Efficient-Large-Language-Model commented 1 month ago

Sorry, we merged a PR yesterday and it was problematic. We just rolled back. Could you pull and try again?

franckmarineai commented 1 month ago

also using torch 2.0.1+cu118 and flash attention 2.4.2 and got this error: Setting pad_token_id to eos_token_id:128001 for open-end generation.

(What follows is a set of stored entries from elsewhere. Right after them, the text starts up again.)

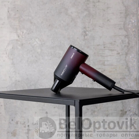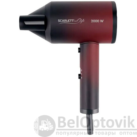 Фен SCARLETT SC-HD70I38, 2000 Вт, 2 скорости, 3 температурных режима, ионизация, черный/бордовый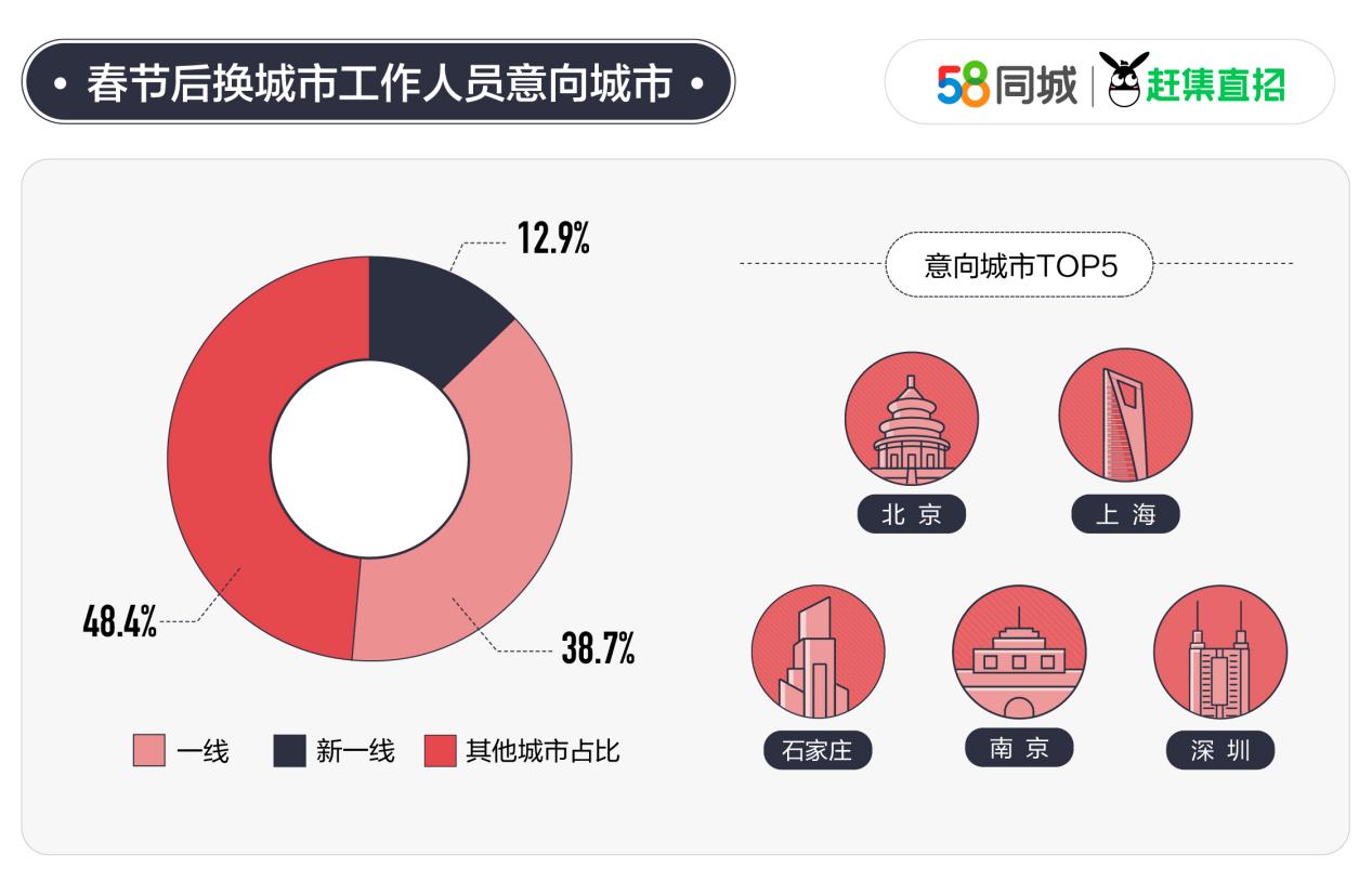 春节长假是部分职场人工作的转折期,因此也有一部分求职者受到生活理念、薪资等因素的影响,选择跳槽换岗或去另一个城市工作。报告显示,上海、广州、北京、深圳一线城市选择春节后换城市工作的比例最高,新一线城市中,成都、郑州、青岛选择春节后换城市工作的比例最高,春节后意向城市中北京、上海的比例最高。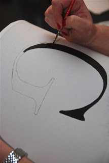Notast síðan við mjóann pensil til þess að mála eftir stafinum, kannski væri hægt að nota líka penna ef að hann smitar ekki út frá sér. Örugglega best að byrja innan í stafinum frekar en með útlínunum, þá sérðu ef penninn/pensillinn smitar út frá sér.
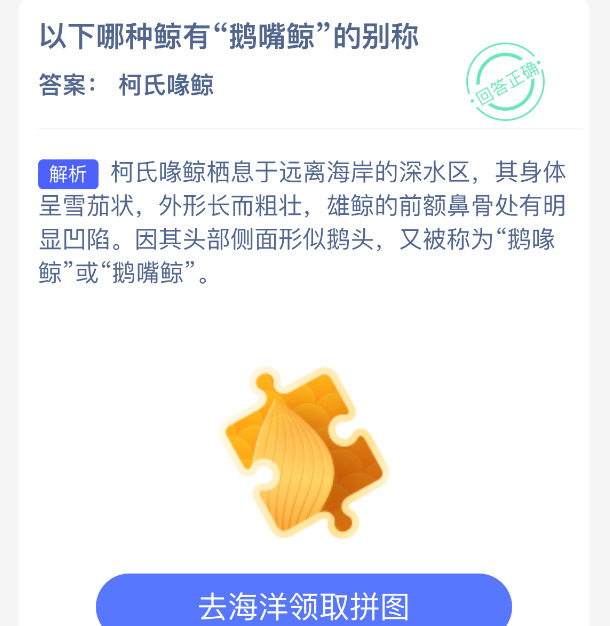 以上就是以下哪种鲸有“鹅嘴鲸”的别称?神奇海洋今天答案最新2025年12月10日分享,更多相关攻略内容,请点击关注更新!
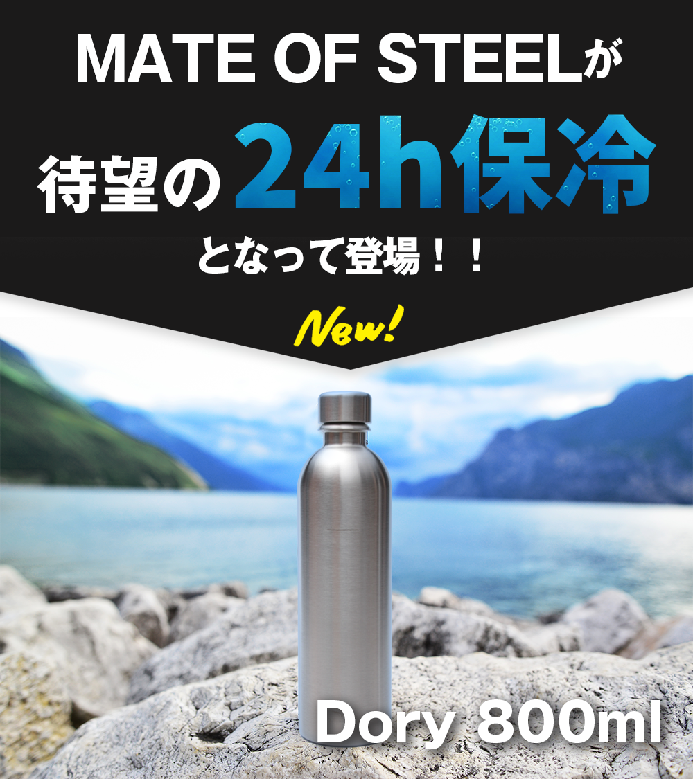 この度、待望の「24時間保冷」となってバージョンアップしたのが【MATE OF STEEL Dory 800ml】です。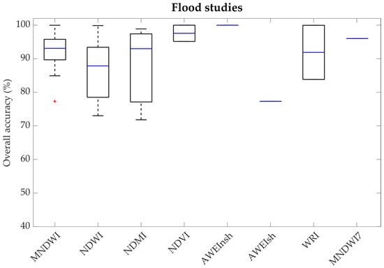 Results of the performances of spectral indices in detecting flooded areas, expressed in terms of overall accuracy (OA). The blue line represents the median value of the OA of each index, while red crosses represent outliers.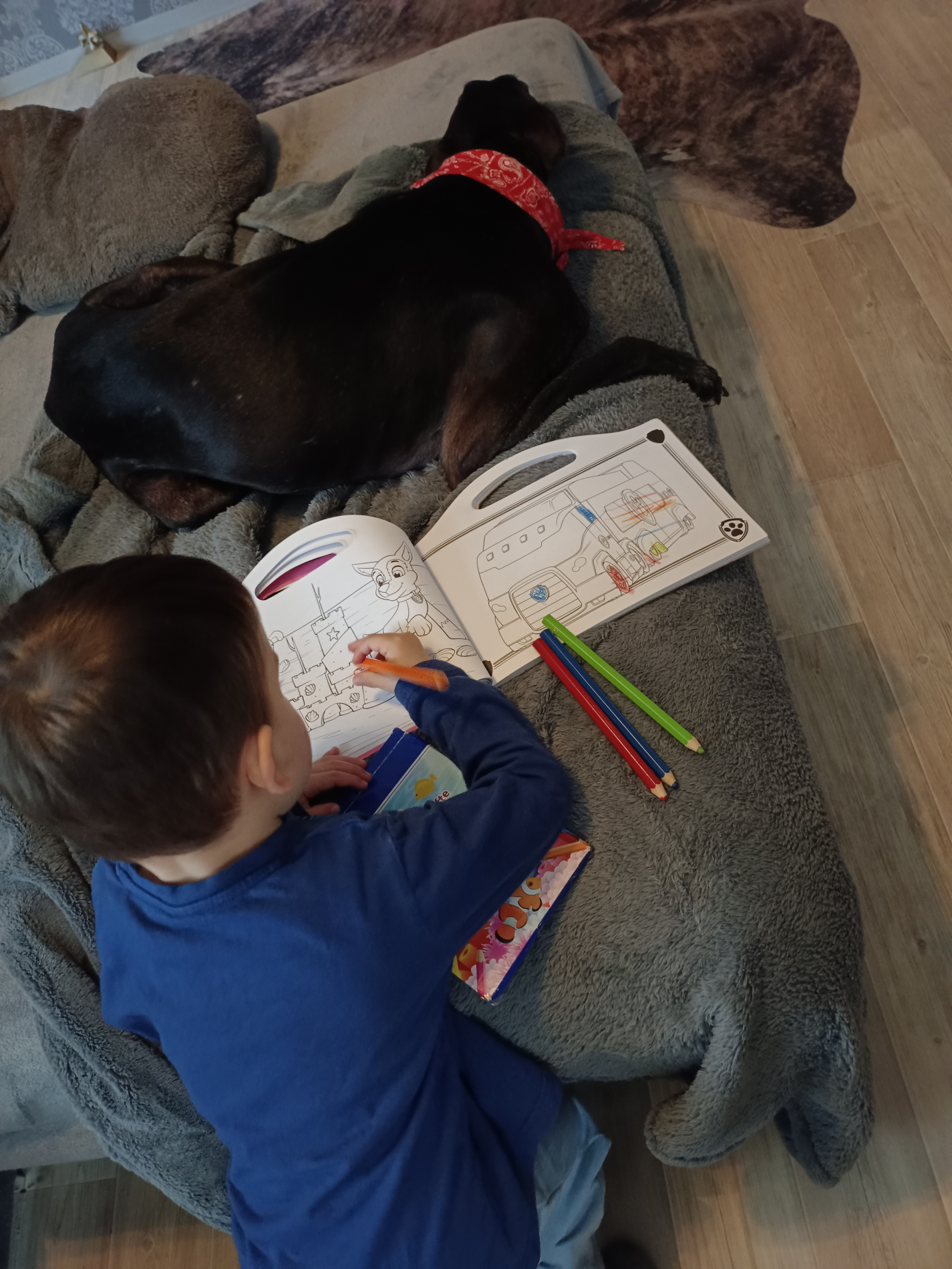 Im Haus ist er sehr brav und ein unheimlicher Kuscheltiger. Fernsehabend eng an Pflegepapa gekuschelt liebt er ganz besonders. Der kleine Mann schläft die ganze Nacht durch, und wenn es regnet oder schneit würde er Galgotypisch den ganzen Tag durchschlafen. Natürlich ist er absolut stubenrein.

Traceback (most recent call last): File "/MarineAI/Nvidia-VILA/VILA/llava/eval/run_vila.py", line 154, in eval_model(args) File "/MarineAI/Nvidia-VILA/VILA/llava/eval/run_vila.py", line 116, in eval_model output_ids = model.generate( File "/MarineAI/fbarilla/anaconda3/envs/vila/lib/python3.10/site-packages/torch/utils/_contextlib.py", line 115, in decorate_context return func(*args, *kwargs) File "/MarineAI/Nvidia-VILA/VILA/llava/model/language_model/llava_llama.py", line 171, in generate outputs = self.llm.generate( File "/MarineAI/fbarilla/anaconda3/envs/vila/lib/python3.10/site-packages/torch/utils/_contextlib.py", line 115, in decorate_context return func(args, kwargs) File "/MarineAI/fbarilla/anaconda3/envs/vila/lib/python3.10/site-packages/transformers/generation/utils.py", line 1764, in generate return self.sample( File "/MarineAI/fbarilla/anaconda3/envs/vila/lib/python3.10/site-packages/transformers/generation/utils.py", line 2924, in sample if stopping_criteria(input_ids, scores): File "/MarineAI/fbarilla/anaconda3/envs/vila/lib/python3.10/site-packages/transformers/generation/stopping_criteria.py", line 132, in call return any(criteria(input_ids, scores) for criteria in self) File "/MarineAI/fbarilla/anaconda3/envs/vila/lib/python3.10/site-packages/transformers/generation/stopping_criteria.py", line 132, in return any(criteria(input_ids, scores) for criteria in self) File "/MarineAI/Nvidia-VILA/VILA/llava/mm_utils.py", line 287, in call outputs.append(self.call_for_batch(output_ids[i].unsqueeze(0), scores)) File "/MarineAI/Nvidia-VILA/VILA/llava/mm_utils.py", line 272, in call_for_batch if (output_ids[0, -keyword_id.shape[0] :] == keyword_id).all(): RuntimeError: The size of tensor a (2) must match the size of tensor b (3) at non-singleton dimension 0**

Efficient-Large-Language-Model commented 1 month ago

Are you using llama3? If so, you need to pass --conv-mode=llama_3

franckmarineai commented 1 month ago

sorry, I did not pay attention to this parameter... works now. Thanks a lot

signine commented 1 month ago

@Efficient-Large-Language-Model Pulling the latest code worked for me. Thank you!